It got me thinking, like King Solomon said, what a heavy burden God has placed on man. “I applied my mind to study and to explore by wisdom all that is done under the heavens. What a heavy burden God has laid on mankind!
Ecclesiastes 1:13 NIVUK”
Today, I have no words of wisdom to share. Just a plain old observation. My life is a Fulcrum. With two extremes pulling at it. Balance is a myth I helplessly chase. It seems I must embrace that one end will always pull the other, but never permanently. Pain won’t cease until I leave this side, and neither will Joy. I must learn to live with both. And like I said at the start of the year, life is short death only puts it into perspective.
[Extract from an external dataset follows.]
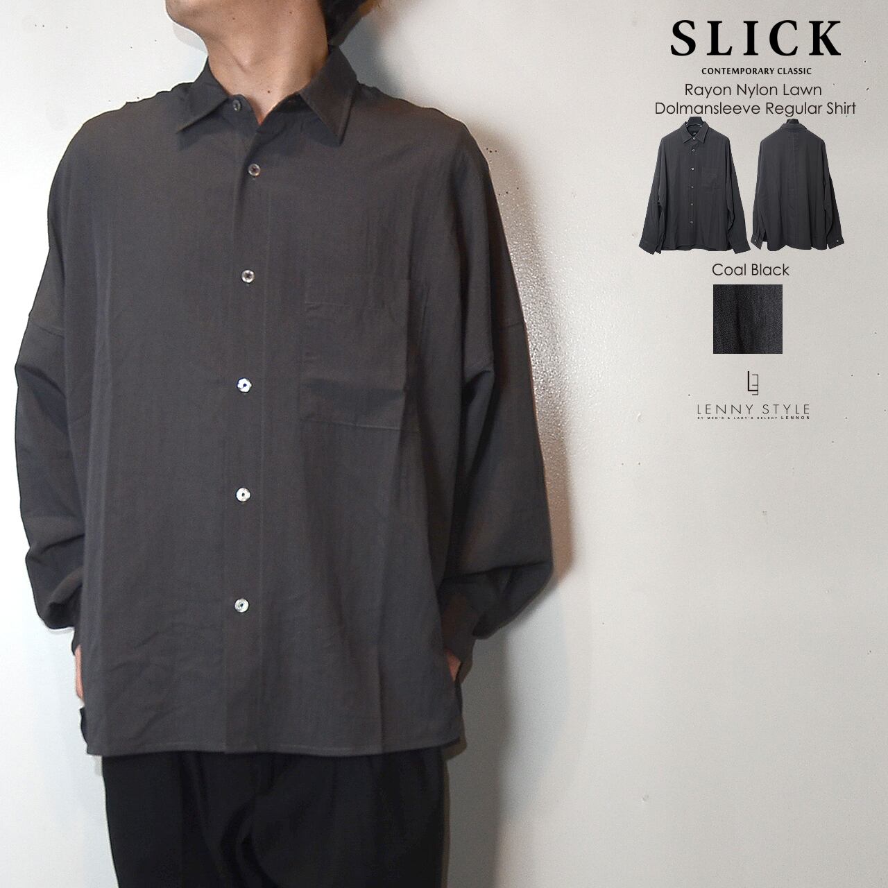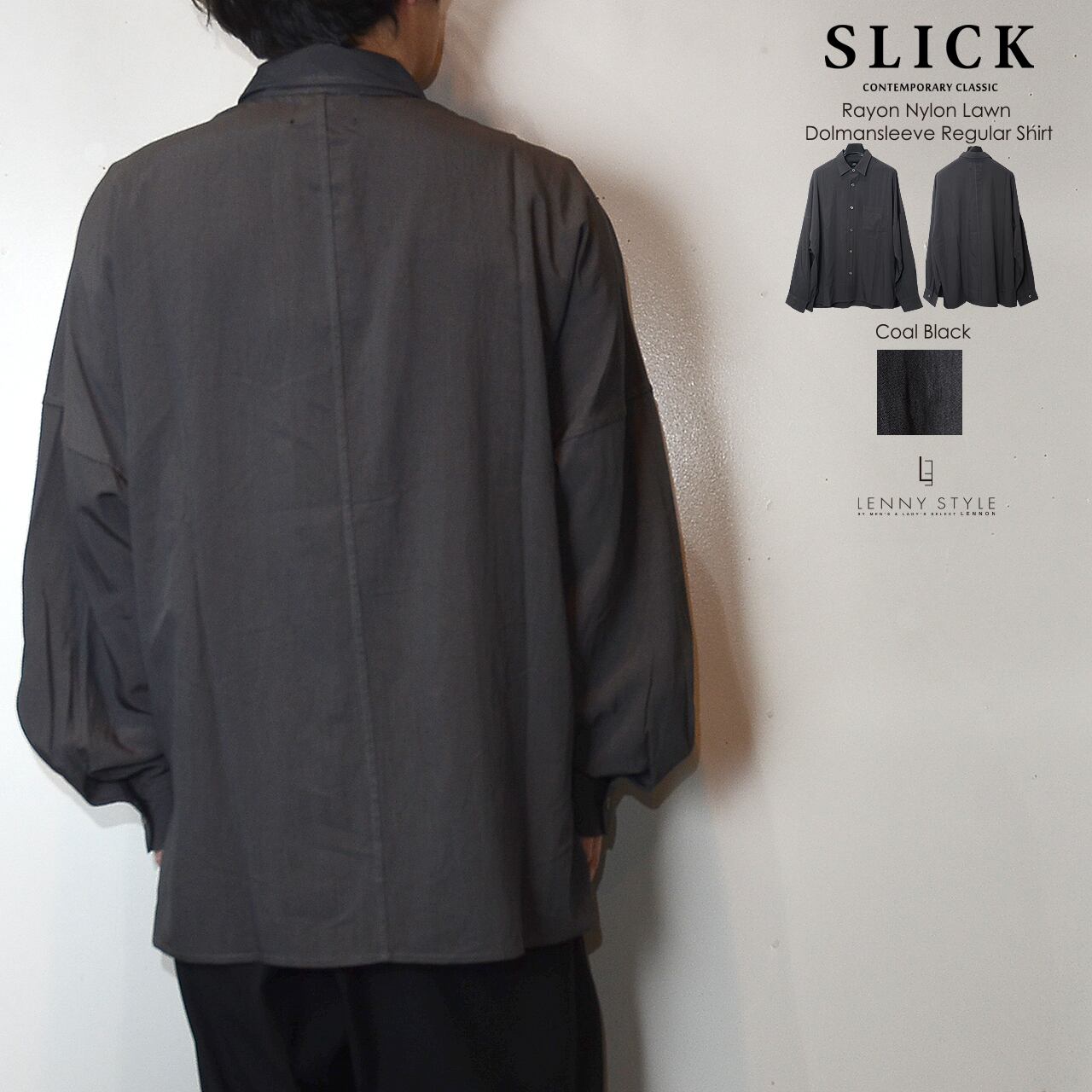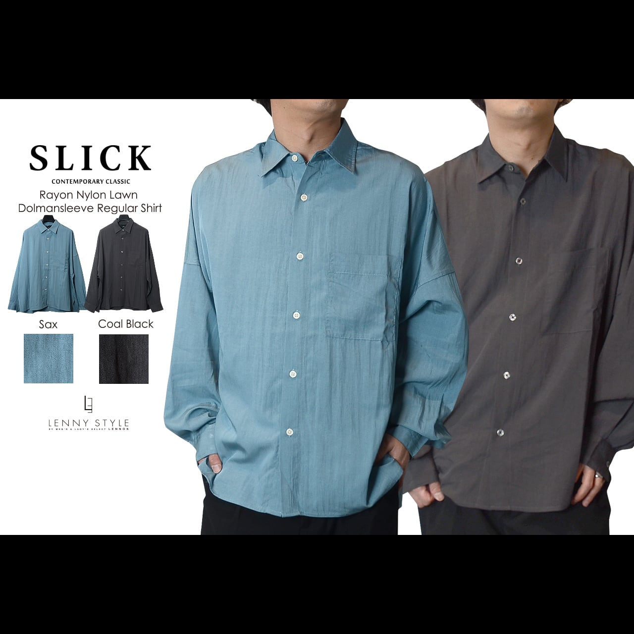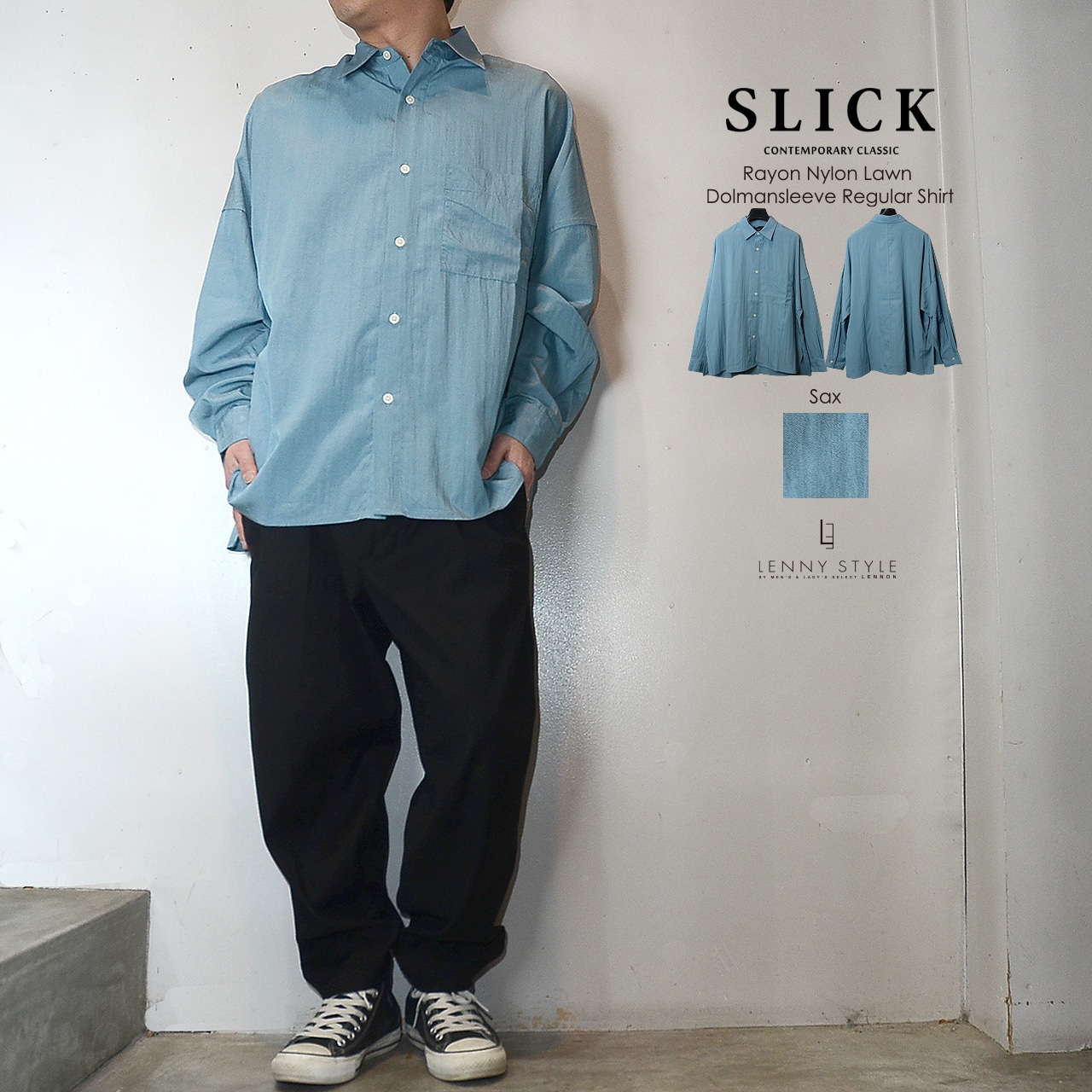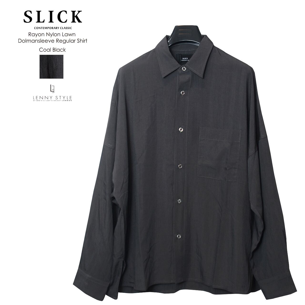 SLICK ( スリック ) ドルマンスリーブ長袖シャツ - ( Rayon Nylon Lawn Dolmansleeve Regular Shirt )サックス / コールブラック

I have a few weeks to my birthday and I am taking inventory as usual. I don’t know how long I have but I want to do my best, so help me God. This year has been a lot but one thing I’m grateful for is the realisation that like a fulcrum, sometimes, I’ll balance like a simple machine, and other times, it will be way more complex. Load may supersede Effort and vice versa. It is up to me to learn to balance the tension. Like faith, what is life without this tension? A flat line?
This is as much as I could bleed. I am still feeling many things. I hope to share more with you. If you’ve had to celebrate and grieve at the same time, please tell me how you did it. I won’t lie, I’m exhausted. I hope to hear from you soon.